> _Requirement_
Give again only the lines from the line that holds "2003-01.Slovenski inštitut za" to the end of the data, inclusive, omitting all pictures.

> _Data section_

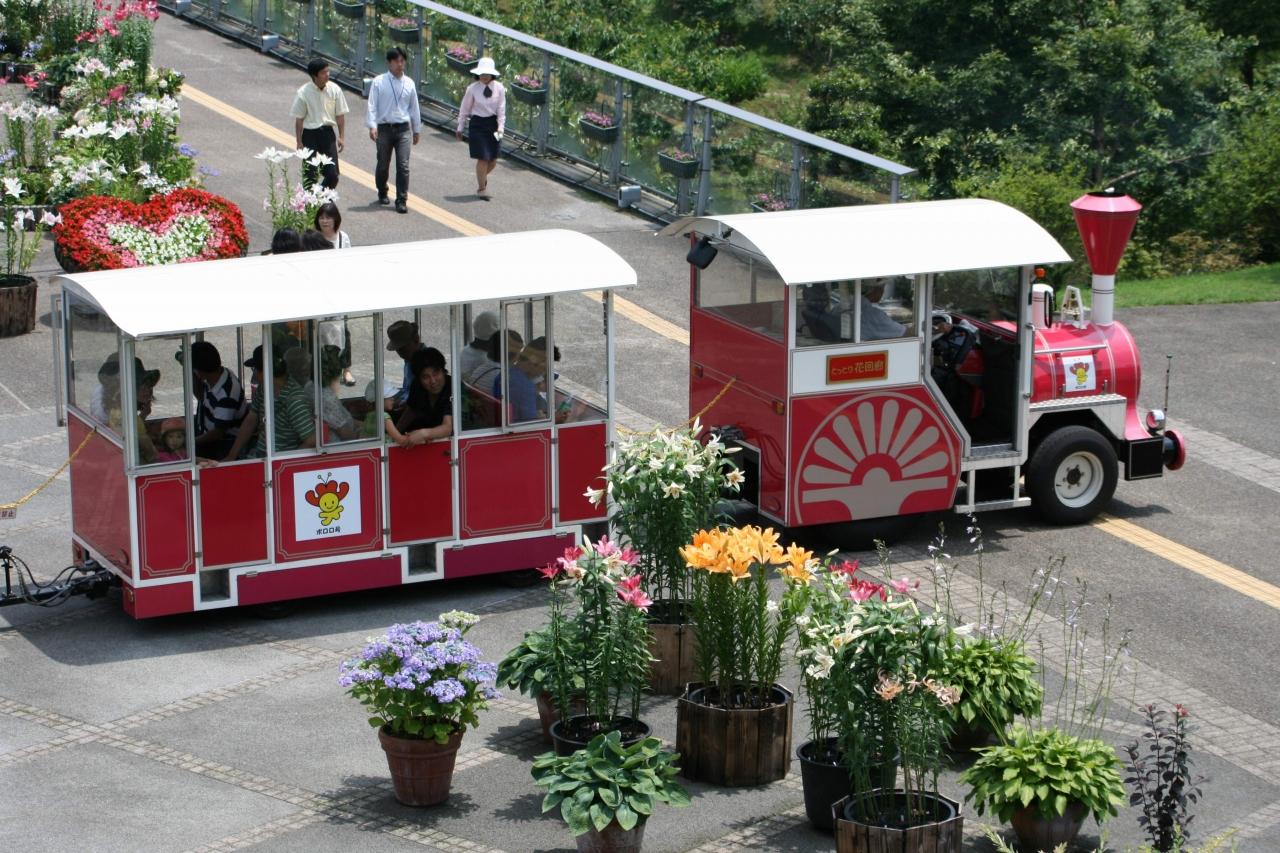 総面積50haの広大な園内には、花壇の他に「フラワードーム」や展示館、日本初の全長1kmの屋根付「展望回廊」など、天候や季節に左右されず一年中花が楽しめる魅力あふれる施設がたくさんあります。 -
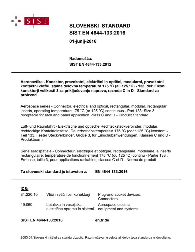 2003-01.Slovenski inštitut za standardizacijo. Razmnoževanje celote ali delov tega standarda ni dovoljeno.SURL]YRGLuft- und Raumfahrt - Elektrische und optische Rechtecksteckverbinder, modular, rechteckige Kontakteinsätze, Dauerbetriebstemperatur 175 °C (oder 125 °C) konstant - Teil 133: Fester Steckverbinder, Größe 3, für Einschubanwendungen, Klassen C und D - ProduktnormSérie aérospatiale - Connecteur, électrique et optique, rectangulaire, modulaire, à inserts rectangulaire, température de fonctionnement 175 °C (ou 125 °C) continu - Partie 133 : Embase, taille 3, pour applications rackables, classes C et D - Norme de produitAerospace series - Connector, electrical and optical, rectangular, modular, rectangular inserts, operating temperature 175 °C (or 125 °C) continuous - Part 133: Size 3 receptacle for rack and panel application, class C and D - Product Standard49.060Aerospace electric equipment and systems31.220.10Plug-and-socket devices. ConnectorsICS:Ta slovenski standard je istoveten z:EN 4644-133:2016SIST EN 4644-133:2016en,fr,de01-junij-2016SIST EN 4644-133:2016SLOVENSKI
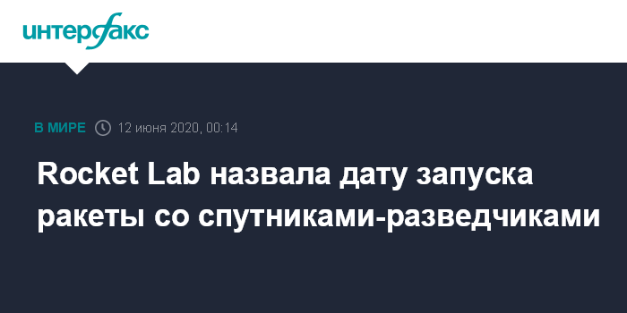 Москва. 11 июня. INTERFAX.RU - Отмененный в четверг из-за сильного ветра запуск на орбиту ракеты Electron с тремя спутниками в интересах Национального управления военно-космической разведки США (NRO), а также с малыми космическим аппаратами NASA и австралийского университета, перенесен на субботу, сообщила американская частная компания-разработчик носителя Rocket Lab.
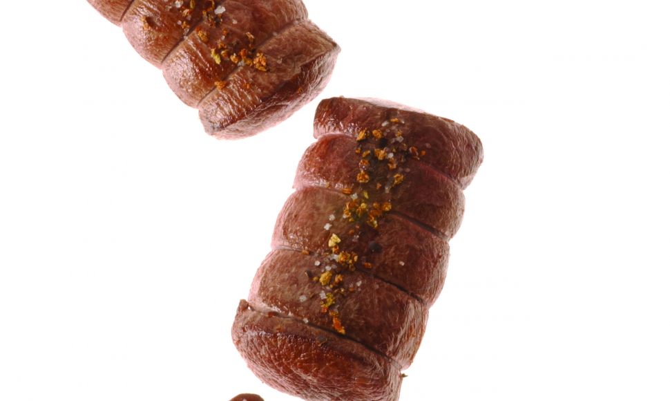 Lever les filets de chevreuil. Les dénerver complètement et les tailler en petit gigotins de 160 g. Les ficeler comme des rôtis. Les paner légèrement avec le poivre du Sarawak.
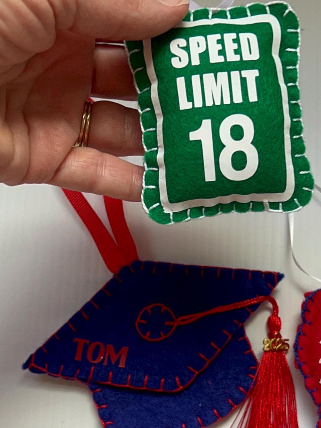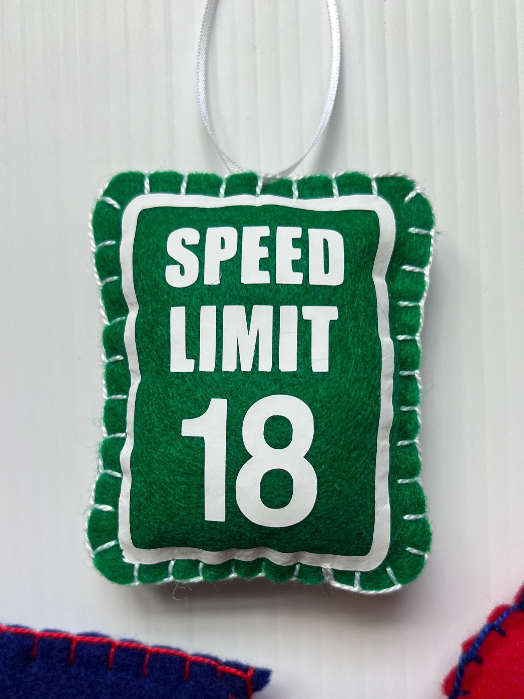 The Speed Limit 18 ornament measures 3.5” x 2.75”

> _Task answer_
 2003-01.Slovenski inštitut za standardizacijo. Razmnoževanje celote ali delov tega standarda ni dovoljeno.SURL]YRGLuft- und Raumfahrt - Elektrische und optische Rechtecksteckverbinder, modular, rechteckige Kontakteinsätze, Dauerbetriebstemperatur 175 °C (oder 125 °C) konstant - Teil 133: Fester Steckverbinder, Größe 3, für Einschubanwendungen, Klassen C und D - ProduktnormSérie aérospatiale - Connecteur, électrique et optique, rectangulaire, modulaire, à inserts rectangulaire, température de fonctionnement 175 °C (ou 125 °C) continu - Partie 133 : Embase, taille 3, pour applications rackables, classes C et D - Norme de produitAerospace series - Connector, electrical and optical, rectangular, modular, rectangular inserts, operating temperature 175 °C (or 125 °C) continuous - Part 133: Size 3 receptacle for rack and panel application, class C and D - Product Standard49.060Aerospace electric equipment and systems31.220.10Plug-and-socket devices. ConnectorsICS:Ta slovenski standard je istoveten z:EN 4644-133:2016SIST EN 4644-133:2016en,fr,de01-junij-2016SIST EN 4644-133:2016SLOVENSKI
 Москва. 11 июня. INTERFAX.RU - Отмененный в четверг из-за сильного ветра запуск на орбиту ракеты Electron с тремя спутниками в интересах Национального управления военно-космической разведки США (NRO), а также с малыми космическим аппаратами NASA и австралийского университета, перенесен на субботу, сообщила американская частная компания-разработчик носителя Rocket Lab.
 Lever les filets de chevreuil. Les dénerver complètement et les tailler en petit gigotins de 160 g. Les ficeler comme des rôtis. Les paner légèrement avec le poivre du Sarawak.
 The Speed Limit 18 ornament measures 3.5” x 2.75”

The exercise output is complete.